Methodology of multiple QTL detection and estimation of genetic variants explained by QTL

Details of the association analysis pipeline and simulation verification were reported previously [27]. In the first round, we used GCTA [16] to perform single-SNP GWAS analysis on each chromosome. Subsequently, we fixed the lead SNP as a covariate to run the second round of GWAS if the lead SNP was genome-wide significant (experiment-wise 0.05 type I error-rate after Bonferroni correction for 15,552,968 simultaneous tests corresponds to a threshold of –log10P ≈ 8.5). In second and subsequent rounds, if the lead SNP was significant in the first round, we fixed it as another covariate until no more significant association signals were identified. A lead SNP found in any round was tested in 2-Mb flanking regions (up- and downstream) to search for other significant SNPs. If they failed to attain significance, they were removed from further analyses. Remaining SNPs constituted the final list of lead SNPs. To define the boundaries of each QTL region, we examined a 1-Mb flanking region of the lead SNP. If the SNP –log10(P) value decreased by more than three units compared to the value of the lead SNP and the region was larger than 0.25 Mb, then we set this SNP as a boundary; otherwise, we set ±0.25 Mb from the lead SNP as the QTL boundary. We used the lead SNP list to generate one genetic relationship matrix (GRM). We removed SNPs within 5 Mb of the lead SNP to construct the second GRM. We estimated the variance explained by the lead SNPs by using GCTA [16] to fit two GRMs.

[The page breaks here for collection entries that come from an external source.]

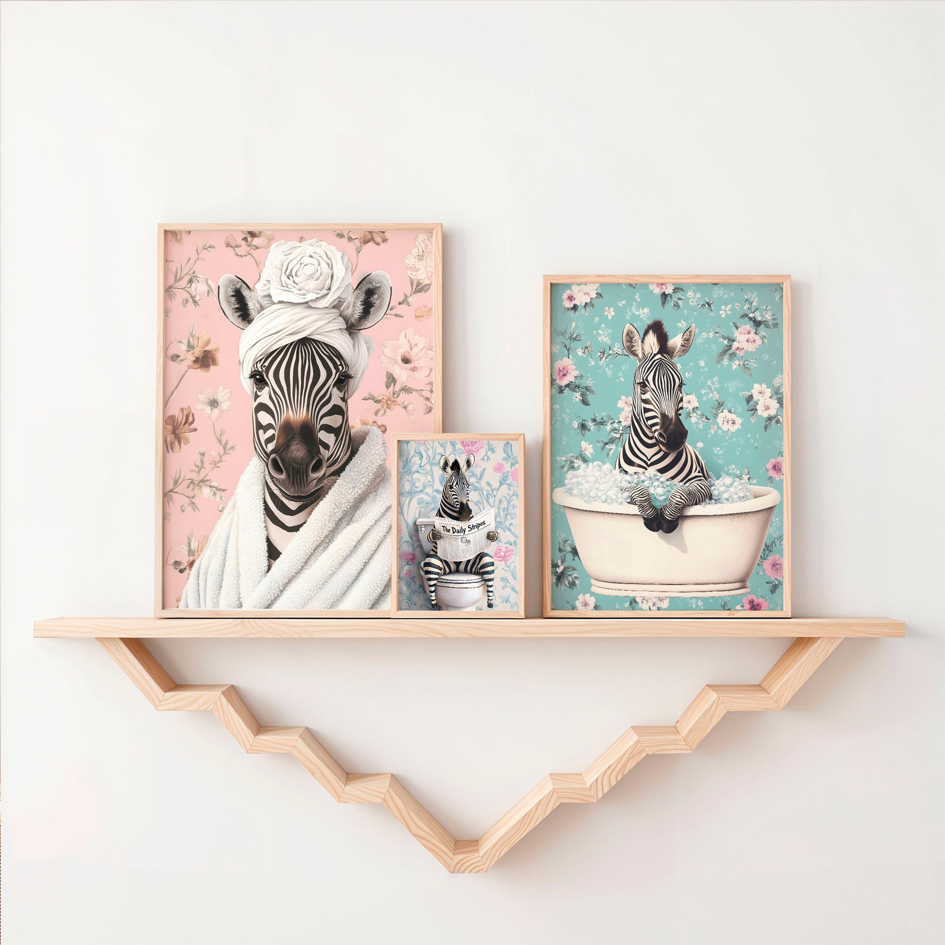 Transform your bathroom into a whimsical oasis with this charming set of 3 Funny Zebra Bathroom Wall Art Prints. Each print features a lovable Zebra in various hilarious scenarios – from a giraffe on the toilet reading a newspaper to one lounging in a robe and another relaxing in the bath. These maximalist prints from Dopamine Decor are not only a delightful addition to your decor but also a conversation starter. Perfect for those who appreciate quirky and funny gifts, these botanical bathroom prints add a touch of humour to any space. Elevate your toilet art decor with this unique collection and bring a giggle to your daily routine.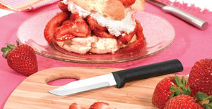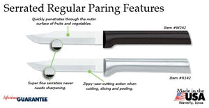 The Serrated Regular Paring Knife is perfectly sized for cutting fruits and vegetables. Similar to our non-serrated Regular Paring, but ideal for people who prefer the sawing action of a serrated blade.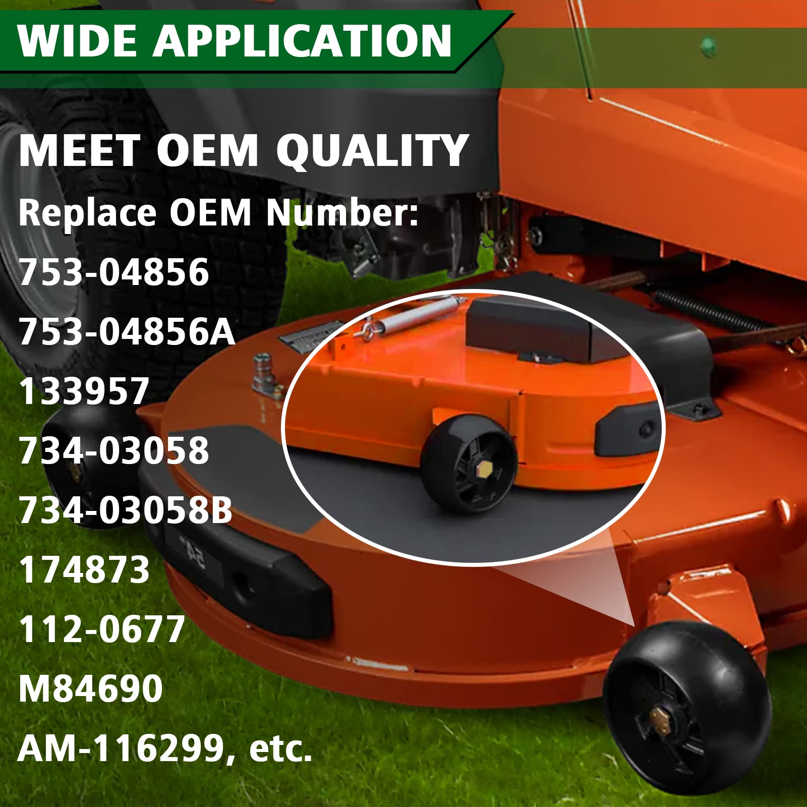 Details: 8 PCS Mower Deck Wheels Kit for Husqvarna 532174873 589527301, for Craftsman MTD AYP 174873 133957 532133957 734-3058, for Cub Cadet 734-04155, Fit for most 42" 46'' 48'' 50" 52'' and 54" Decks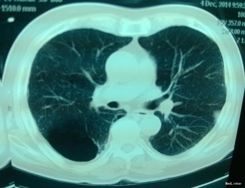 诊断为:1、右上肺肺大泡,2、COPD。患者经内科保守治疗后稍好转,遂继续观察。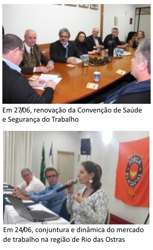 - Em 24/06, a supervisora do Escritório Regional RJ, Jéssica Naime, falou sobre conjuntura e dinâmica do mercado de trabalho na região de Rio das Ostras, no segundo de cinco eventos que a Força Sindical do Rio de Janeiro está organizando para discutir conjuntura e emprego no estado. A atividade foi realizada em Rio das Ostras (foto 2).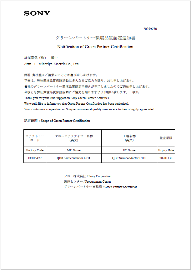 通寶半導體已獲得索尼公司的綠色合作夥伴認證。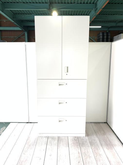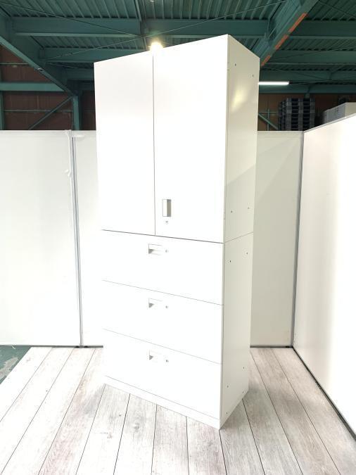 【1台限定】イトーキ エスシリーズ 上下書庫セット 両開き+3段ラテラル シリンダー錠 ホワイト- 東大阪店

LD calculation, variant annotation, and gene annotation

We calculated the pairwise r2 between the lead SNP and all other SNPs on the same chromosome using PLINK [56] and extracted all SNPs with r2 > 0.2 with the lead SNP. These SNPs were annotated by VEP (version 92) [41]. Enrichment of the gene list was estimated by clusterProfiler [35]. Possible candidate genes proposed from different methods were sent to DAVID [57] to retrieve the GO terms [24] of biological process and KEGG pathways [25]. We used the same gene list to search the mammalian phenotype database [26] to check whether mutations in these genes would have some phenotypic effect related to mastitis.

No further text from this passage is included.